Unwanted 5' and 3' overhangs are removed from the double-stranded dsDNA to facilitate the ligation of platform specific synthetic DNA sequence adapters to the fragments – a process termed blunting. A number of enzymes can be utilised for this purpose such as Klenow DNA polymerase, T4 DNA polymerase and mung bean nuclease. The enzyme is used to repair the ends of the dsDNA fragments by ensuring that the ends of the complementary strands are in line with each other. Such polymerase enzymes possess 5' → 3' polymerisation activity and 3' → 5' exonuclease activity, but lack 5' → 3' exonuclease activity. The effect is that 3' overhangs on sDNA fragments are removed by the 3' → 5' exonuclease activity. The lack of 5' → 3' exonuclease activity in these enzymes means that 5' overhangs remain intact and any complementary 3' receding strands are extended and brought in line with the 5' overhung strand by the enzyme’s 5' → 3' polymerase activity. This ensures both ends are “blunted”, i.e. there is no single-stranded DNA overhang. The fidelity of polymerase enzymes used in this step is variable. Klenow polymerase has been shown to have an average error rate (mutations per base replicated) of 1.3 × 10−4 [18].

Phosphorylation

Since polymerase activity occurs in the 5' to 3' direction, it is necessary to phosphorylate the 5' ends of the blunted fragments. This can be carried out enzymatically using T4-PNK (polynucleotide kinase), which catalyses the transfer of the γ-phosphate of ATP to the 5' hydroxyl end. The efficiency of T4-PNK varies depending on the 5' nucleotide, and this can manifest itself as bias if a proportion of fragment ends remain unphosphorylated. Differences in the binding interactions between T4-PNK and the kinase substrate result in T4-PNK exhibiting bias in the preference of certain nucleotides at the first and second sequence positions of the substrate resulting in a greater activity in the phosphorylation of 5' G than for 5' C [20].
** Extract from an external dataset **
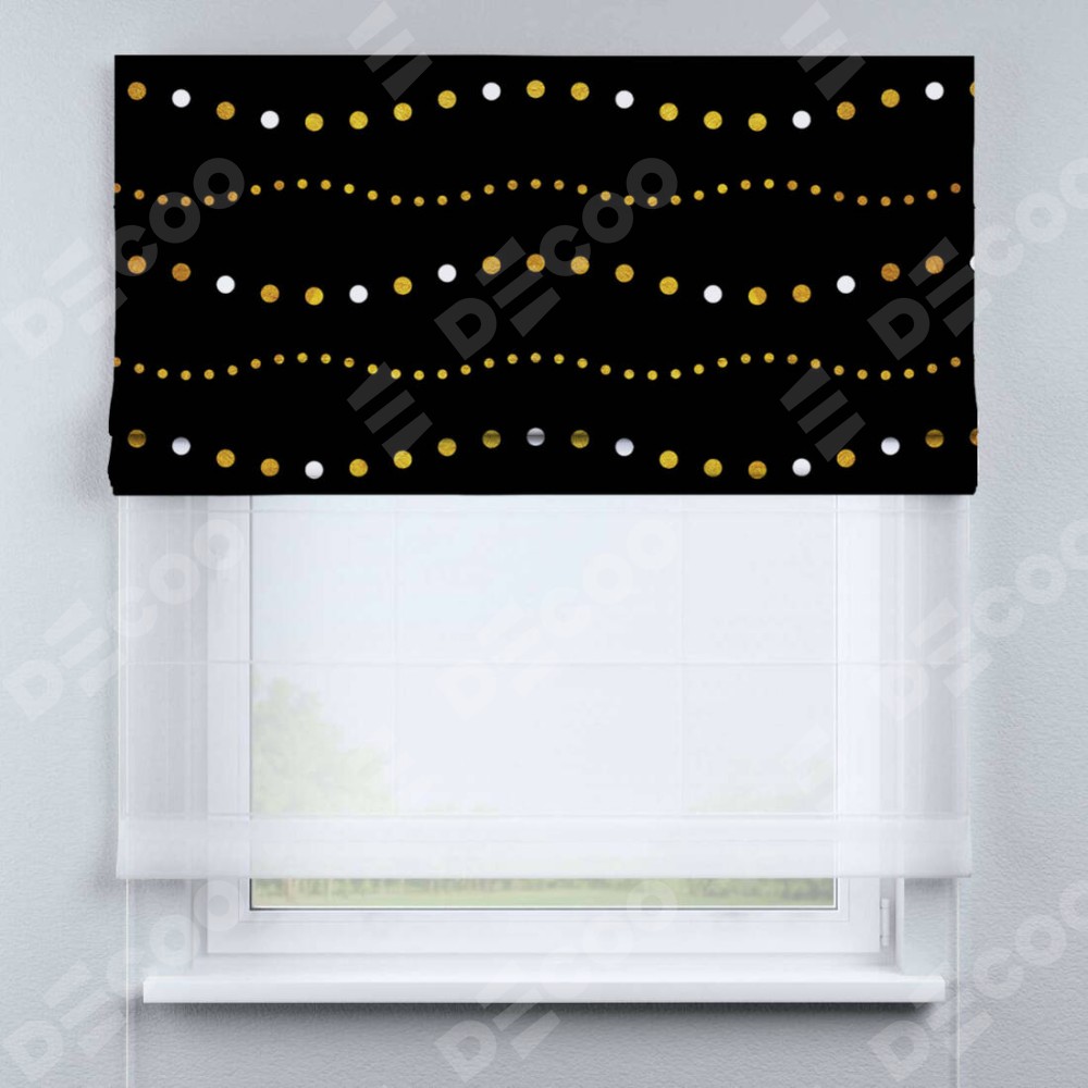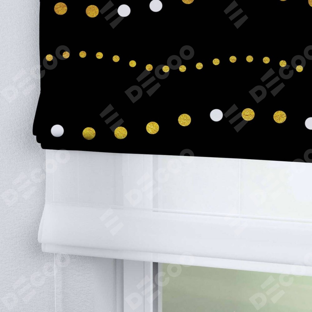 Римская штора день-ночь производителя «Cortin», используется для проёма, пошита из двух полотен, с лицевой блэкаут с нанесением сублимационной печати «Яркие огоньки», вторая ткань тюль (по стандарту комплектуется тюль белого цвета артикул V-01). Имеет универсальный механизм и подходит для монтажа: на потолок, на стену и в нишу.

Attachment of a overhang to dsDNA 3' ends or blunt-ended ligation

Synthetic sequencing adapters (such as those used on the Illumina platform) normally possess a 5' T overhang to facilitate their ligation to the fragments to be sequenced. It follows that molecules in the sequencing fragment library must possess a complementary 3' A overhang; a genetically modified Klenow exo-minus is usually used to achieve this [21]. The enzyme possesses no exonuclease activity, but retains 5' → 3' polymerase activity. This is used to catalyse the attachment of A overhangs to the 3' end of the sequencing fragments so as to complement 5' T overhangs on the platform specific adapters. Alternatively, blunt-ended ligation can also be used to ligate sequence adapters with sequencing fragments.

Library preparation methods utilising DNA ligase, which is able to ligate dsDNA fragments with 5' A' overhangs to synthetic sequence adapters with 5' T overhangs, have been shown to be biased against sequences starting with T as opposed to blunt-ended ligation [22].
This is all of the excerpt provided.